[tor-talk] Tor and solidarity against online harassment
jancsika at yahoo.com
Sat Dec 13 18:28:28 UTC 2014
On 12/12/2014 02:20 PM, Roger Dingledine wrote:
> On Fri, Dec 12, 2014 at 03:23:42PM -0300, Juan wrote:
>>> You might like
>>> We won't put backdoors in Tor. Ever.
>> You work for the pentagon and are subjects of the US state.
>> The US government has secret 'courts' and secretly forces its
>> subjects to tamper with all kinds of 'security' systems, in the
>> name of 'national security'.
>> Whatever public declamations you make carry very little weight.
> Hello Mr. Tor hater,
> We get funding from a variety of groups, including US government groups.

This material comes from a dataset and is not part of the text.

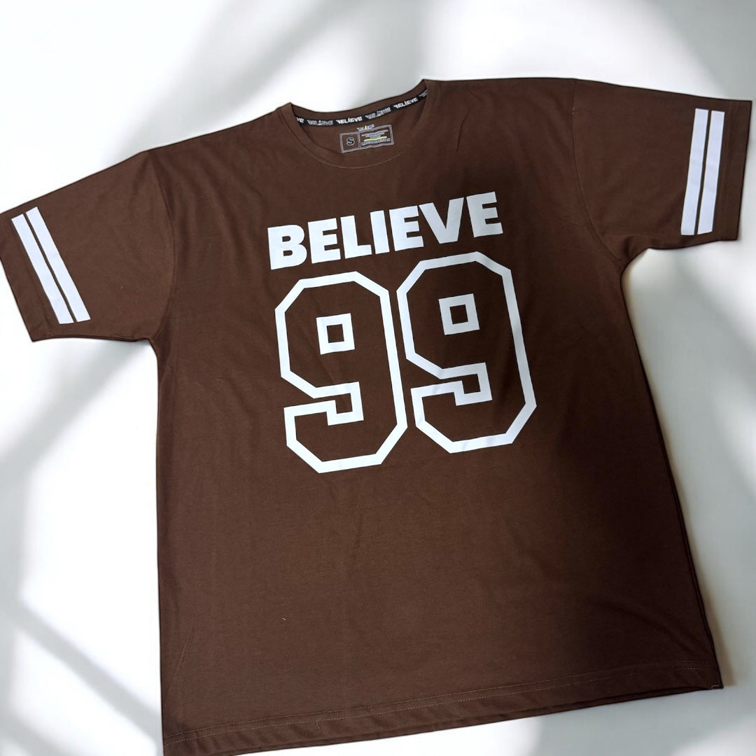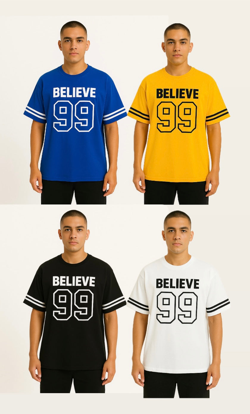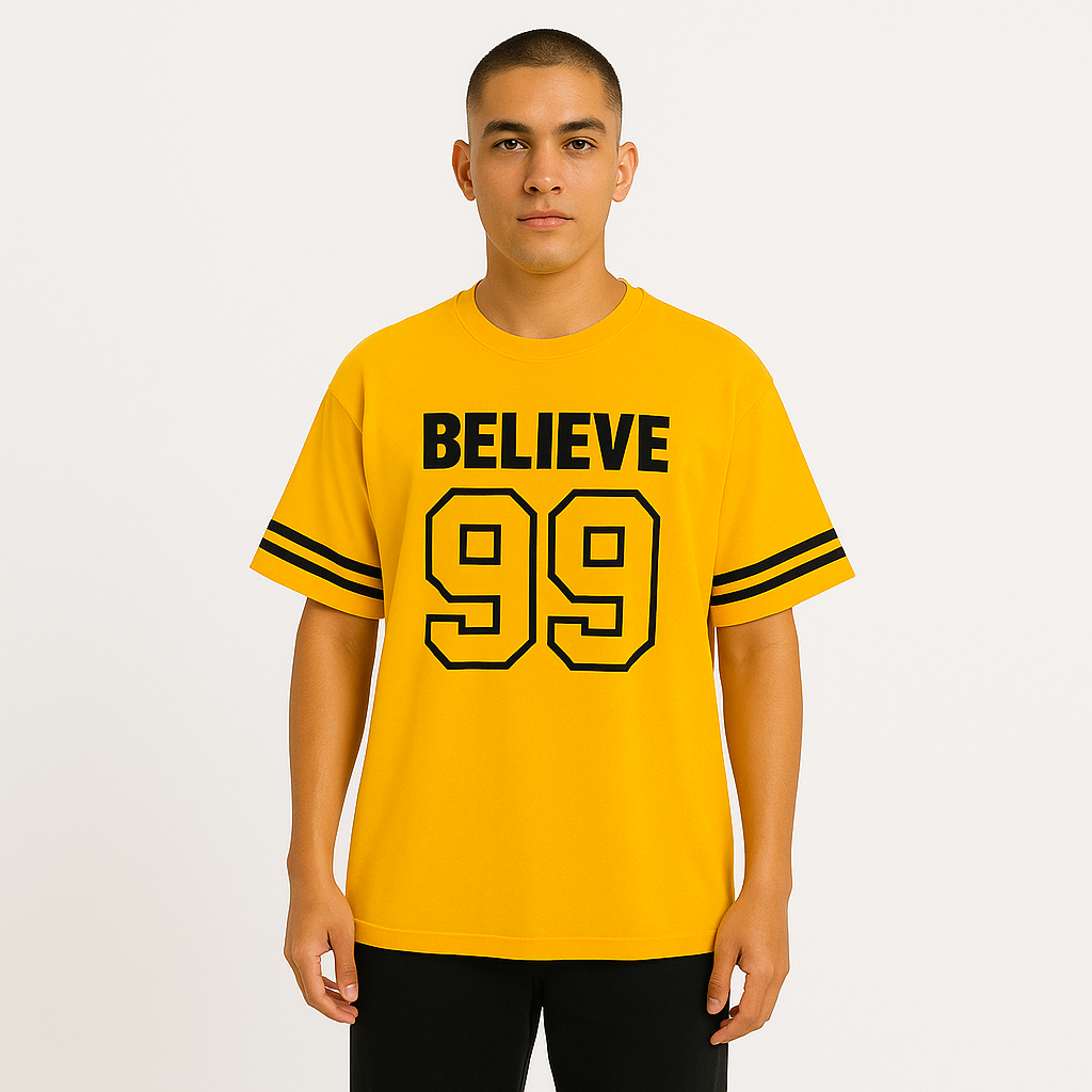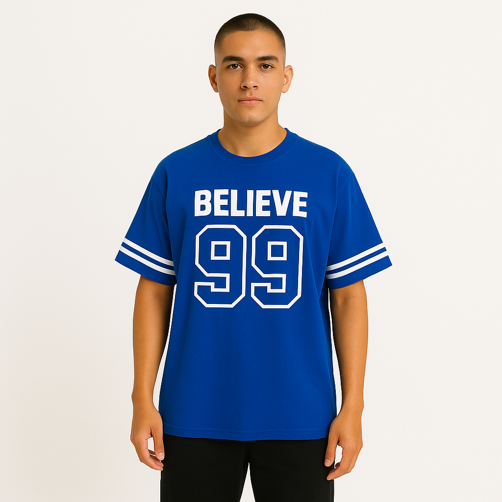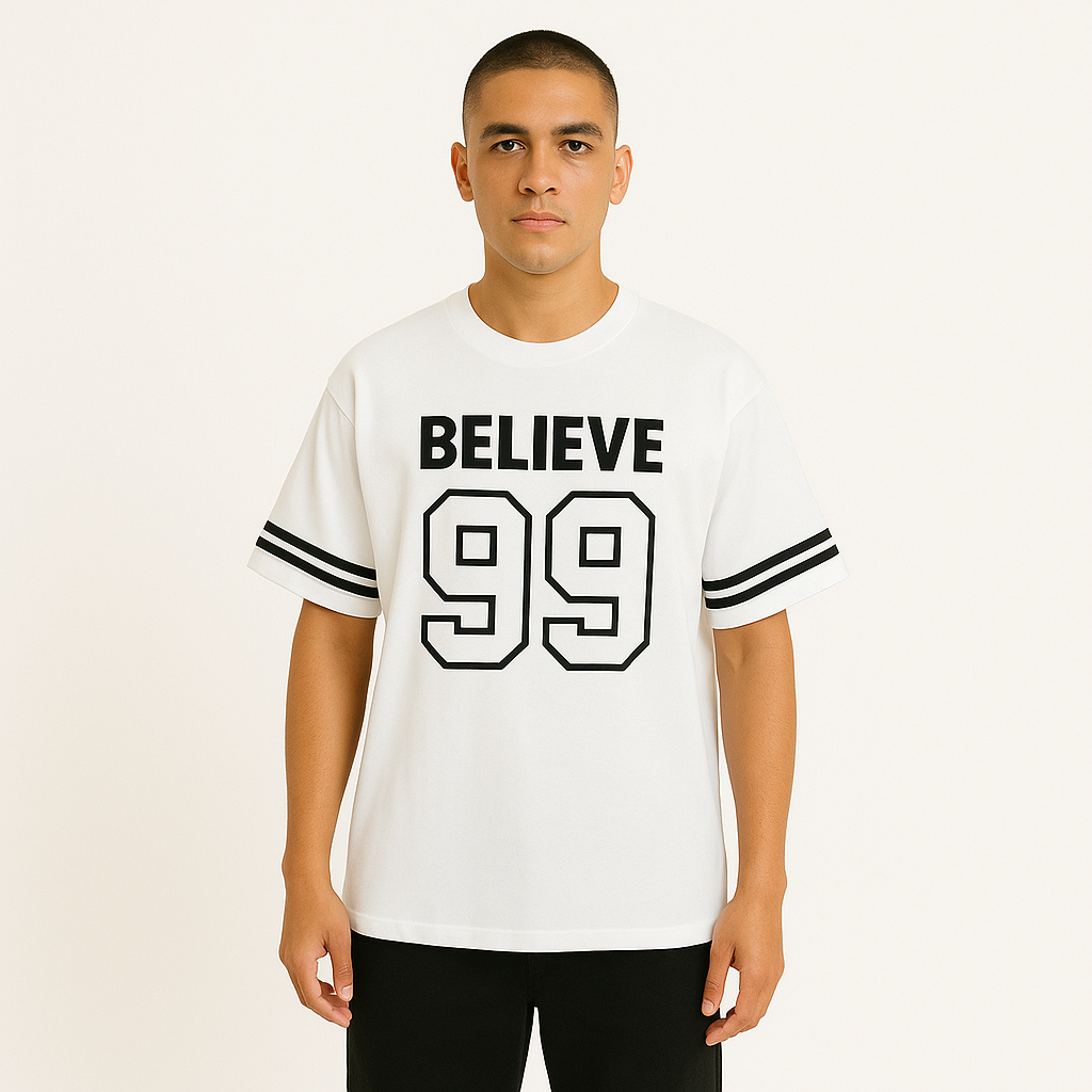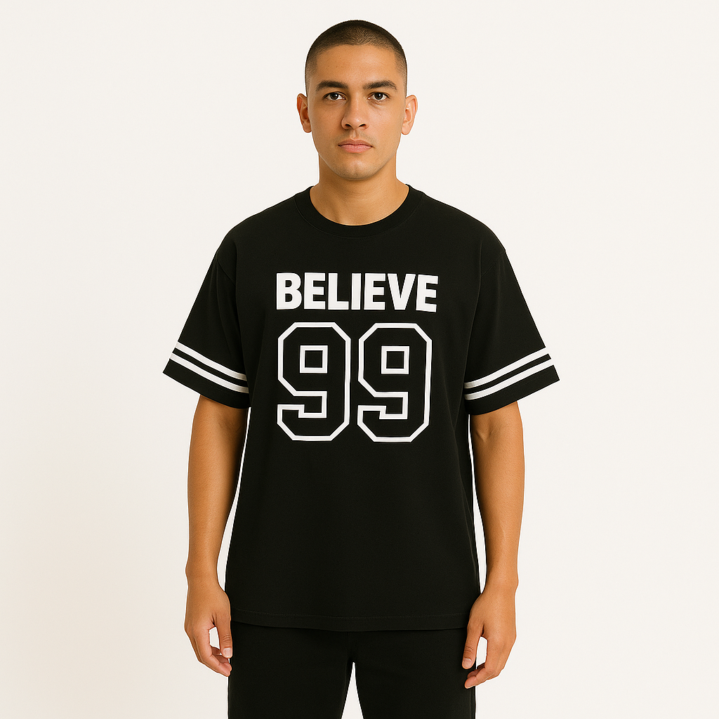 Step into timeless streetwear with the BELIEVE '99 Legacy Tee. Crafted for comfort and confidence, this oversized tee brings a classic varsity vibe with bold “BELIEVE” lettering and the iconic “99” print that speaks of ambition, grit, and legacy. Featuring double-striped sleeves for an athletic edge, it's perfect for making a statement—whether you're hitting the gym, the streets, or just chilling with the squad.

> We do not "work for the pentagon" but that is a separate discussion and
> it shouldn't derail this one.
I'm afraid you're going to continue to hit up against this criticism for
the foreseeable future, for the following reasons:
1) The NSA's betrayal of trust on the internet (and its standards) have
all but removed good faith from the equation in the minds of a lot of people
2) practically speaking, Tor Browser Bundle _is_ private browsing mode
for the time being. There is no other game in town (at least in terms
of usability and being gratis)
So someone looks on your resume and finds a summer at the NSA. If the
wider free software community was adequately funded to sustainably
research and protect users privacy, that would be that. Tor would take a
temporary hit and Privacy Software B's website would temporarily see
more hits and development effort.
In the real world, however, there isn't a Software B. It will be a long
time before even a Debian user can apt-get install and easily use
Gnunet. Non-technical users see a world of NSA surveillance and a
single usable, well-maintained piece of software available for anonymous
browsing run by people funded by the U.S. government. Conspiracy
theories flourish in that type of climate. And until there are as many
(effective) private browsers competing with each other as there are
normal browsers, these kinds of attacks will continue to be (at least
Anyway, for those who are willing to listen to a little reason and live
in a country where encryption isn't illegal, here's a Pascal's wager for
Tor Browser Bundle use:
Something to hide Nothing to hide
Tor is a honey-pot: Tor use is BAD Tor use is No worse than
not using Tor
Tor isn't honey-pot: Tor use is GOOD Tor use is GOOD
Of course this doesn't work if Tor use simply lands you in jail, or gets
you disappeared by government agents. But if that is the case you have
much bigger issues to deal with than private browsing.